**** Provided entries ****

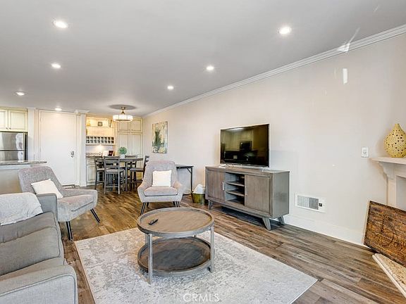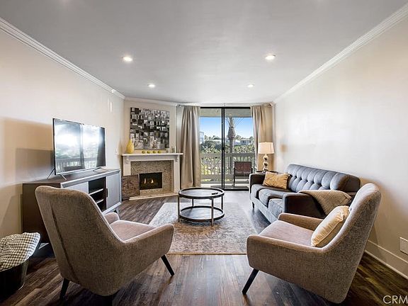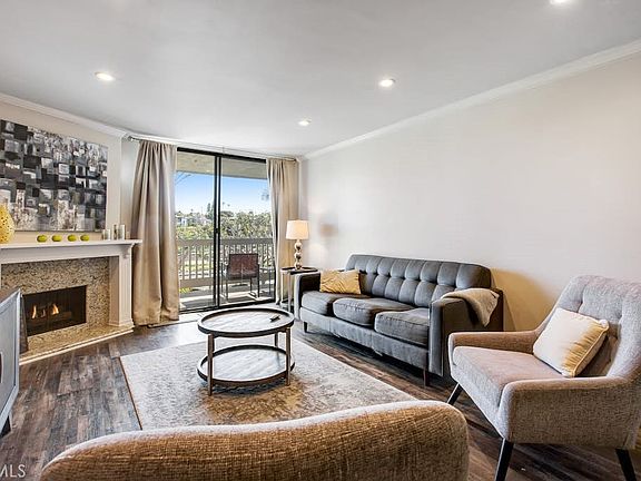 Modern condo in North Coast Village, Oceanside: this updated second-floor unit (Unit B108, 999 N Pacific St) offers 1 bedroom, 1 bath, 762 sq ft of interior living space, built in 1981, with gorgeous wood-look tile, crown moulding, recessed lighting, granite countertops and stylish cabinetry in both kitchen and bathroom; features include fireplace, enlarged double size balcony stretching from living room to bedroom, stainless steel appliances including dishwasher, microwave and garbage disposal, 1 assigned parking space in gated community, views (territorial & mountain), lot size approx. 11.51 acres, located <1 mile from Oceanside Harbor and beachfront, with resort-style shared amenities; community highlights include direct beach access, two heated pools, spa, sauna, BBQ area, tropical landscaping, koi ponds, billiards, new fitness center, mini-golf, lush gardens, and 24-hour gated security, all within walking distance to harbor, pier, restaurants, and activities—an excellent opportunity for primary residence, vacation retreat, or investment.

****
**** Provided entries ****

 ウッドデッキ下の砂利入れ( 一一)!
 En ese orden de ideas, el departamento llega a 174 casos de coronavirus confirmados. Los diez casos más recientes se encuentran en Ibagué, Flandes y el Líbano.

****
**** Provided entries ****

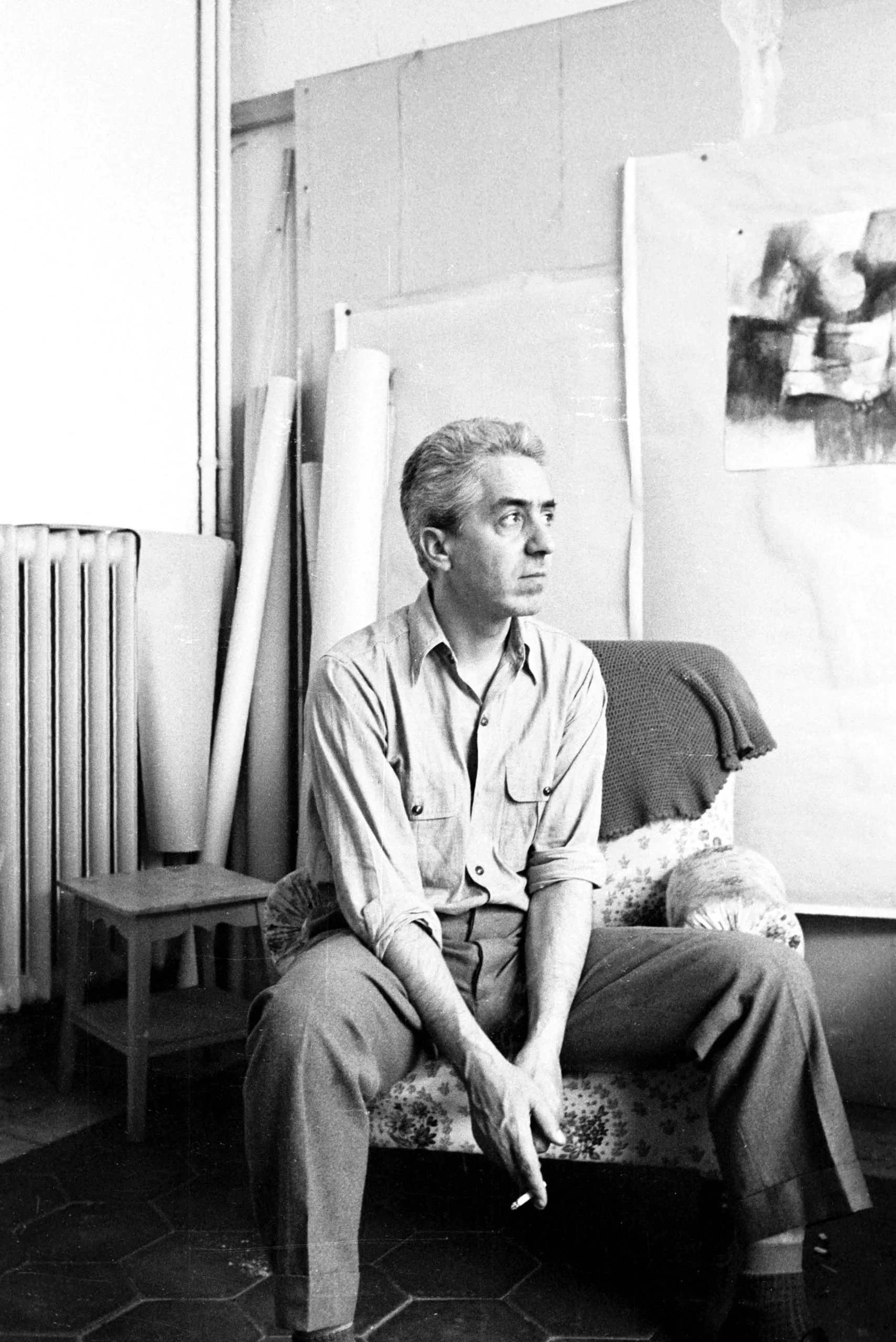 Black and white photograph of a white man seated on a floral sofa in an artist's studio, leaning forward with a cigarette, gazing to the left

****

[The task]
Each line in the listing above from the one containing "ウッドデッキ下の砂利入れ( 一一)!" through the one containing "En ese orden" should be repeated exactly, and no other line.

[Result of the exercise]
 ウッドデッキ下の砂利入れ( 一一)!
 En ese orden de ideas, el departamento llega a 174 casos de coronavirus confirmados. Los diez casos más recientes se encuentran en Ibagué, Flandes y el Líbano.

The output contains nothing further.